- YOUR ASSIGNMENT -
Print exactly the lines below between the line holding "Schil de ui, snijd" and the line holding "这种模糊的提问,换来的往往是", inclusive, and nothing more.

- RECORDS TO PROCESS -

________________________

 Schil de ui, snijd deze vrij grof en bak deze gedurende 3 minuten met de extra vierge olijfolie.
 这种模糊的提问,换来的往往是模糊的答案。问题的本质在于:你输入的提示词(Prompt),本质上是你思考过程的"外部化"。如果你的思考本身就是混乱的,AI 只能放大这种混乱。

________________________

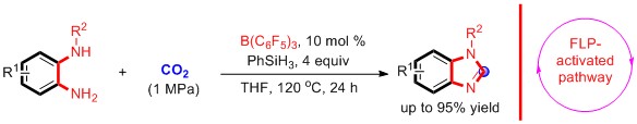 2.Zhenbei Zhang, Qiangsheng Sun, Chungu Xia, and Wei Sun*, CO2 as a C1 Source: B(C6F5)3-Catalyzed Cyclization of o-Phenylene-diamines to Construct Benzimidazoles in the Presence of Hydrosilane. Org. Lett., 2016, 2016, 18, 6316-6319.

________________________

- EXERCISE ANSWER -
 Schil de ui, snijd deze vrij grof en bak deze gedurende 3 minuten met de extra vierge olijfolie.
 这种模糊的提问,换来的往往是模糊的答案。问题的本质在于:你输入的提示词(Prompt),本质上是你思考过程的"外部化"。如果你的思考本身就是混乱的,AI 只能放大这种混乱。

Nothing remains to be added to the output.